In [1]:
% matplotlib inline
import pandas as pd
import numpy as np
import matplotlib.pyplot as plt
import reverse_geocoder as rg
import os.path
import ast
import seaborn as sns

from helpers import *
from datetime import datetime, date, time
from scipy import stats

%load_ext autoreload
%autoreload 2


In [2]:
# Constants
DATA_DIR = './data/'

#### The main purpose of this notebook is to analyze the data of the tweets we downloaded from kaggle, which are already labeled as positive or negative and we can use to train the model of the project. 

In [3]:
#Download the data and assign names of the columns
tweets_col_names=['sentiment', 'ID', 'Date',
                        'user', 'text']

tweets_dtypes = {'sentiment': int, 'ID': int, 
                       'Date': str, 'user': str,
                       'text': str }

tweets_df = pd.read_csv(DATA_DIR + '/tweets.csv', names=tweets_col_names,
                              dtype=tweets_dtypes, 
                              usecols=[0, 1, 2, 4, 5], encoding='latin1')

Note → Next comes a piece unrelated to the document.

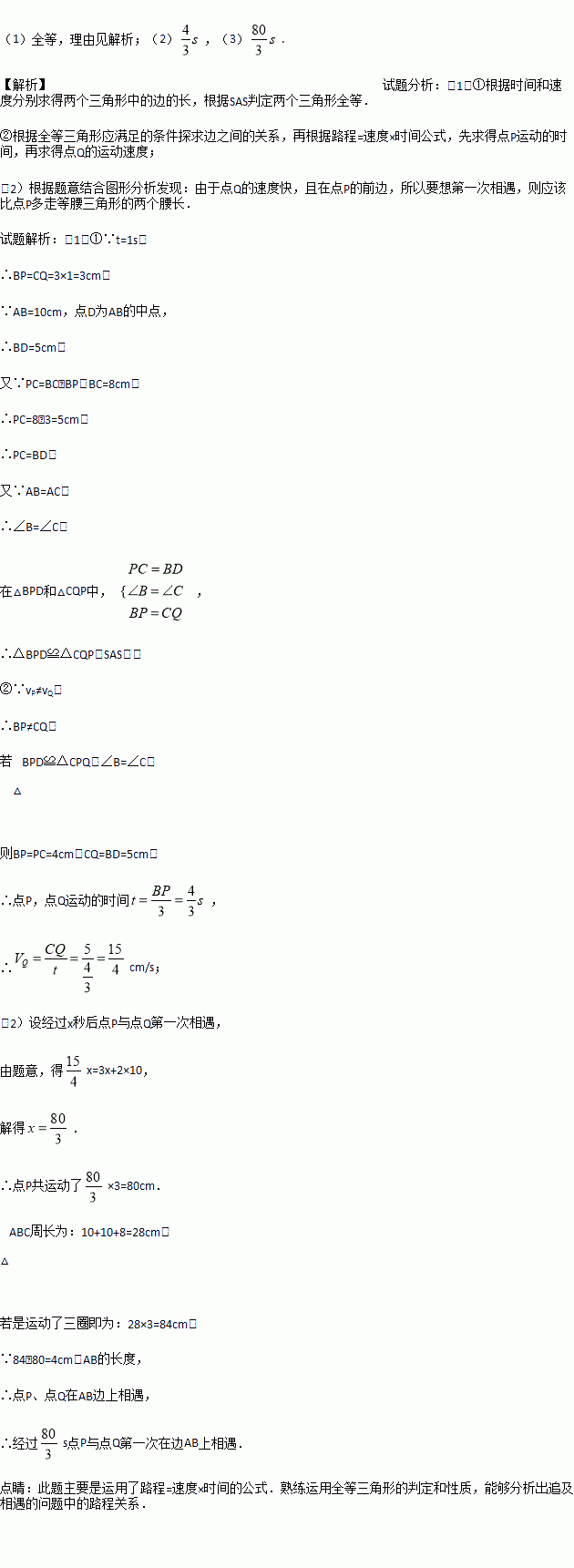 (1)如果点P在线段BC上以3cm/s的速度由B点向C点运动,同时,点Q在线段CA上由C点向A点运动.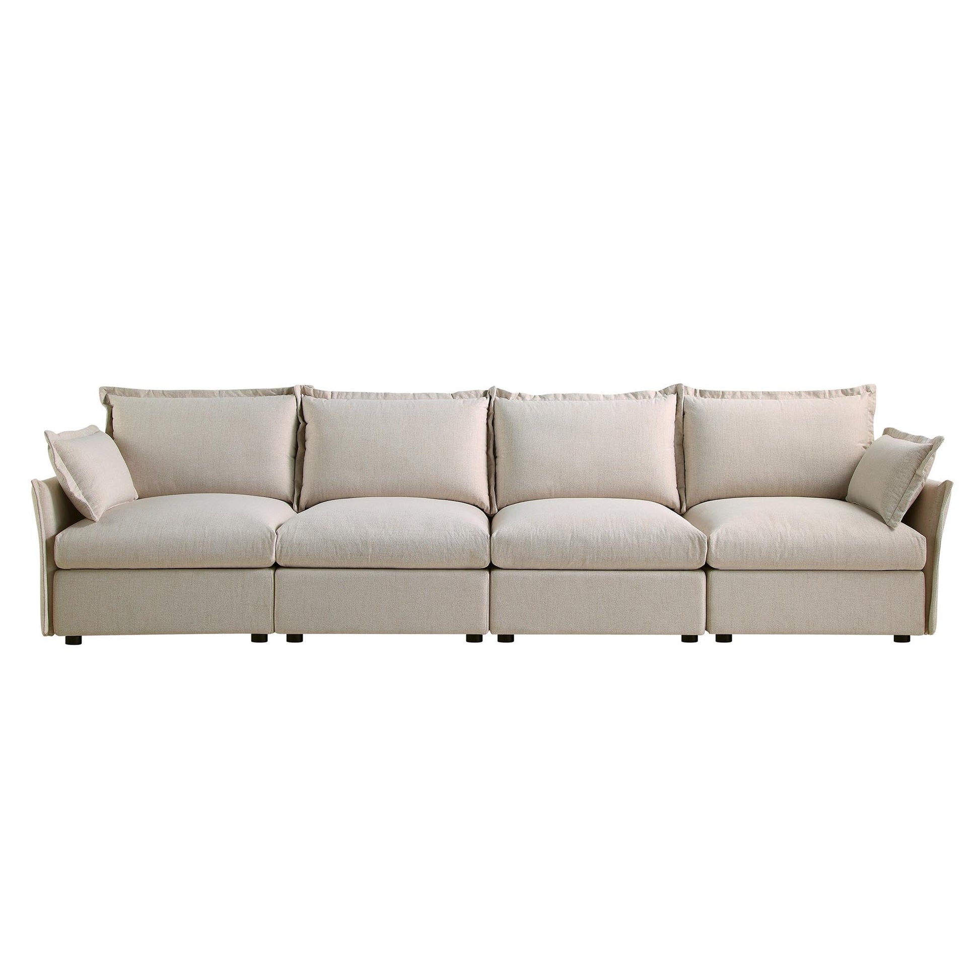 Byron Pillow Edge Beige Fabric Modular Sofa, 4-Seater

First we will show how many tweets are in our data set and understand the values of the column

In [4]:
tweets_df.head()

Unnamed: 0,sentiment,ID,Date,user,text
0,0,1467810369,Mon Apr 06 22:19:45 PDT 2009,_TheSpecialOne_,"@switchfoot http://twitpic.com/2y1zl - Awww, t..."
1,0,1467810672,Mon Apr 06 22:19:49 PDT 2009,scotthamilton,is upset that he can't update his Facebook by ...
2,0,1467810917,Mon Apr 06 22:19:53 PDT 2009,mattycus,@Kenichan I dived many times for the ball. Man...
3,0,1467811184,Mon Apr 06 22:19:57 PDT 2009,ElleCTF,my whole body feels itchy and like its on fire
4,0,1467811193,Mon Apr 06 22:19:57 PDT 2009,Karoli,"@nationwideclass no, it's not behaving at all...."


As you can observe we have the Sentiment (0 for negative, 2 for neutral and 4 for positive).
We have the ID of the tweet, date of the tweet, user and text on the tweet.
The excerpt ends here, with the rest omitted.